Миновав магазины, я двинулся прямиком в лес. Здесь меня встретили удушающий запах травы и почти непроглядный мрак. Я ненадолго остановился, чтобы немного привыкнуть к темноте. В лесу было хоть глаз выколи. На самом деле ночь еще не наступила, солнце еще не закатилось, но в лес лучи почти не проникали. Я оцепенело предался раздумьям о гибнущей планете. Отчего-то голоса птиц тоже стихли. А еще к травяному духу подмешивался настораживающий звериный запах.

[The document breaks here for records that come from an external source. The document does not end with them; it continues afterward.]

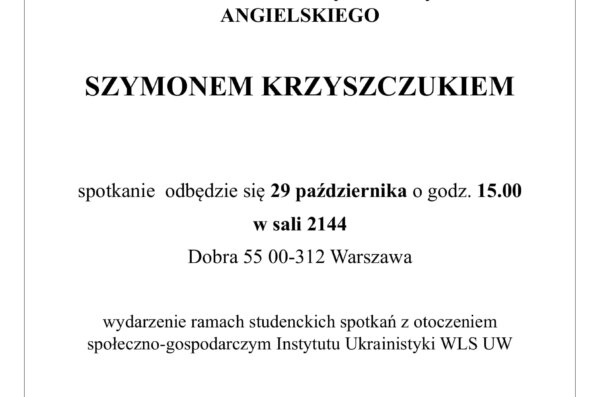 Czytaj więcejSerdecznie zapraszamy na spotkanie w ramach seminariów międzyuczelnianych organizowanych przez Instytut Ukrainistyki UW oraz Instytut Filologii Wschodniosłowiańskiej Uniwersytetu Jagiellońskiego. Spotkanie odbędzie się 22 paździetrnika 2025 r. Link do rozmowy wideo: https://meet.google.com/vwm-nxtx-dzu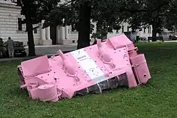 Jednou z prvních výraznějších akcí bylo opakované natírání tanku č. 23, který byl umístěn na podstavci jako pomník na náměstí Sovětských tankistů (dnes náměstí Kinských) na pražském Smíchově, narůžovo. Poprvé tank přetřel narůžovo výtvarník David Černý. Poté, co byl tank přetřen na původní, zelenou barvu, jej podruhé narůžovo natřela skupina poslanců Federálního shromáždění. Z náměstí byl později tank odstraněn a v růžovém nátěru vystaven ve vojenském technickém muzeu v Lešanech. V roce 2000 jej muzeum v rámci rekonstrukce exponátu natřelo narůžovo potřetí.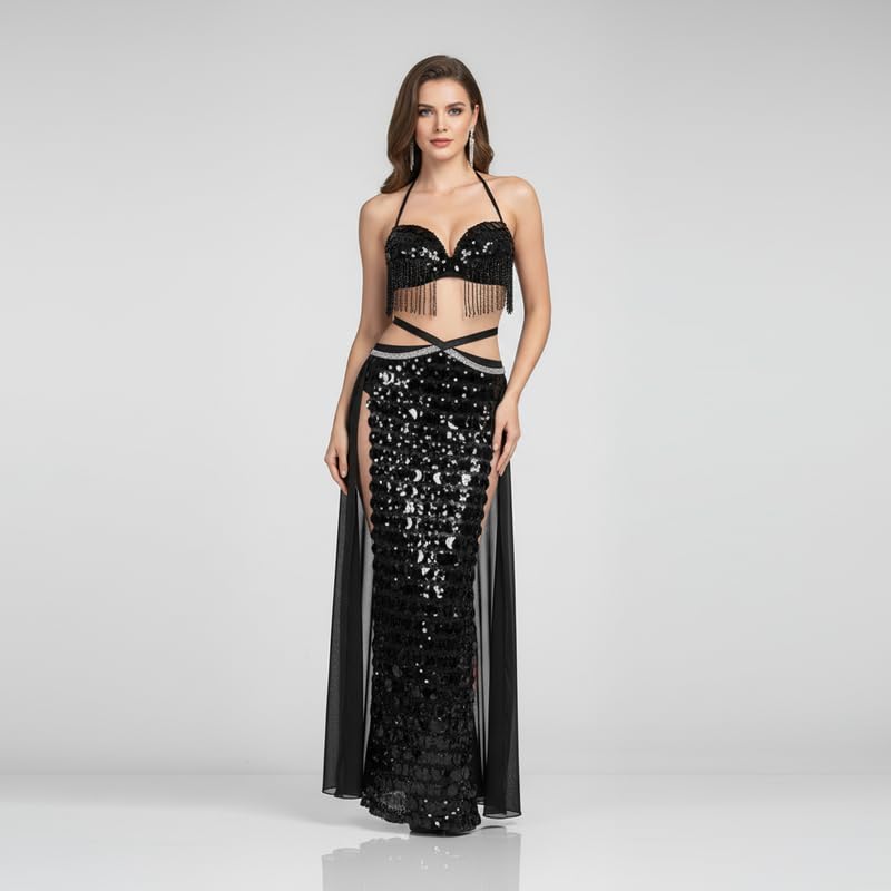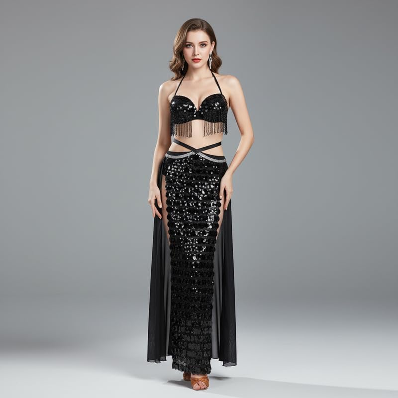 JAZZEEL - طقم بدلة رقص شرقي احترافية مكونة من قطعتين مع حمالة صدر على الرقبة مزينة بالترتر مع شراشيب خرز وجيبة مزينة بالترتر مع ألواح شفافة من جازيل زي مذهل للتمثيل المسرحي وراقصي الكباريه، والرقص الشرقي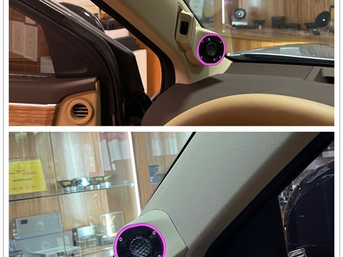 勁浪烏托邦高音喇叭倒模安裝在A柱的整體效果,加上氛圍燈的點(diǎn)綴,車(chē)內(nèi)氛圍感立即拉滿!
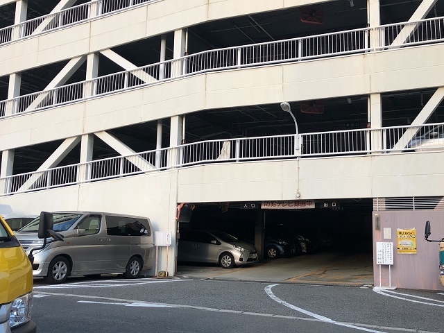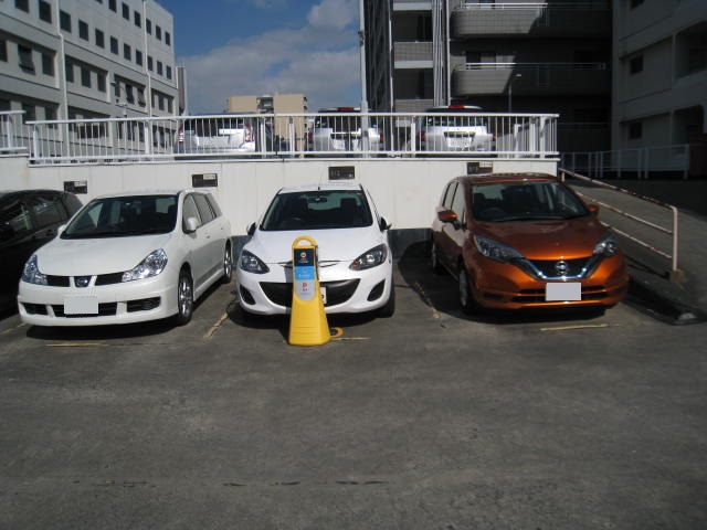 ② 左手の平置き駐車場を過ぎると、5F建ての立体駐車場がございます。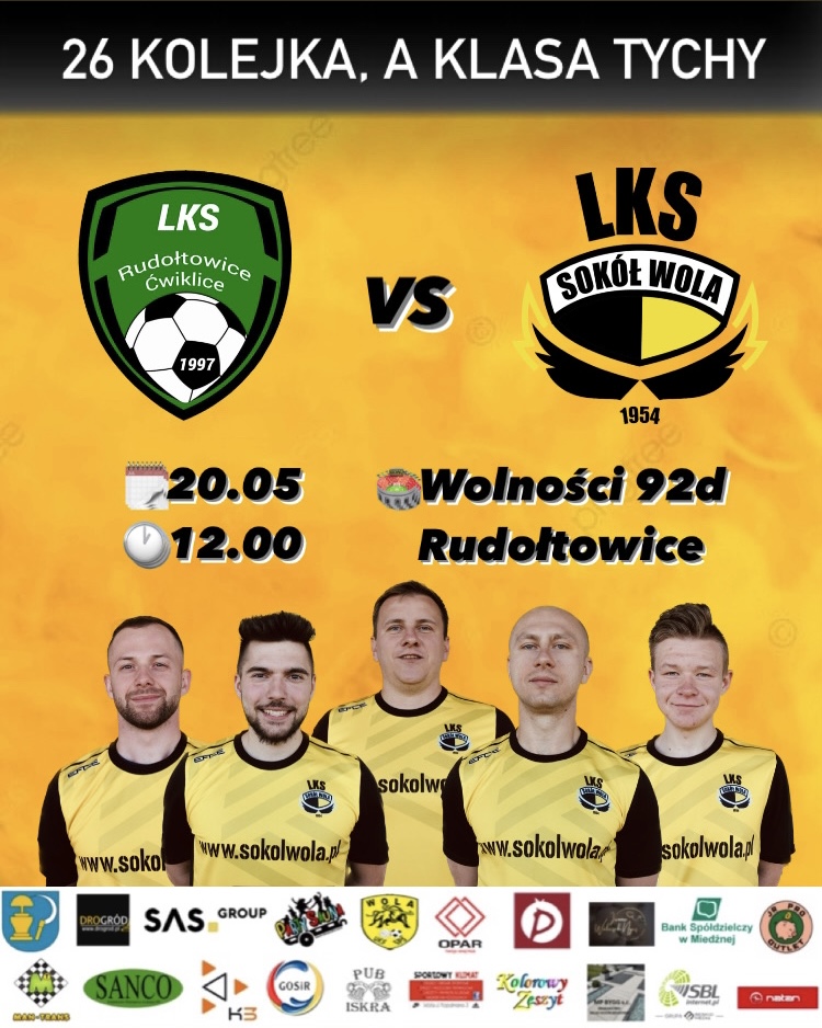 LKS Rudołtowice-Ćwiklice – SOKÓŁ WOLA 0:8 (bramki – Kacper Kudyba x3, Jakub Szmidt x2, Adrian Sosna, Tomasz Śmieja, Mateusz Lendzion)

Хотя физически я ничего не чувствовал, весь мир купался в радиоактивных веществах – даже этот лес. Человеческое тело никак не ощущает радиацию. Чудовищные симптомы развиваются внезапно, лишь по прошествии долгого времени. Значит, меня все равно уже не спасти. Катори мертв, Каори наверняка тоже. Мне суждено последовать за ними. Нет никакого смысла второпях искать больницу. Так или иначе, все мы погибнем вместе с нашим миром.
Глаза наконец свыклись с темнотой. Теперь я с трудом мог рассмотреть заросли. Теперь, когда птицы замолчали, я чуть ли не слышал собственное сердцебиение. Вдруг рядом послышались свистящие звуки дыхания. Я остолбенел. К ним добавился шорох приминаемой травы. Что за…
Я завопил во все горло. Из-за ближайшего дерева показался динозавр. Его открытую, широко разинутую до ушей пасть окаймлял плотный ряд острых зубов. Двигался он медленно, но, окаменев от ужаса, я рухнул на землю. Завидев это, ящер бросился на меня и впился в мою левую руку.
В ушах стоял скрежет зубов. Из пасти динозавра исходил отвратительный смрад – похоже, он не брезговал и гнилым мясом. Вонь была настолько невыносимой, что, вдыхай я ее подольше, меня бы стошнило. Чувствуя подступающий обморок, я закричал что было мочи, но никто прийти мне на помощь не мог.
Монстр оторвал мне руку. Со всех ног я кинулся прочь из опасного леса. Вот и снова руины торгового квартала. Внезапно я впервые завидел вдалеке человеческий силуэт. Какое счастье, выжившие есть! На человеке была серая рубашка с рисунком и темно-синие брюки из саржи, сливавшиеся с темнотой.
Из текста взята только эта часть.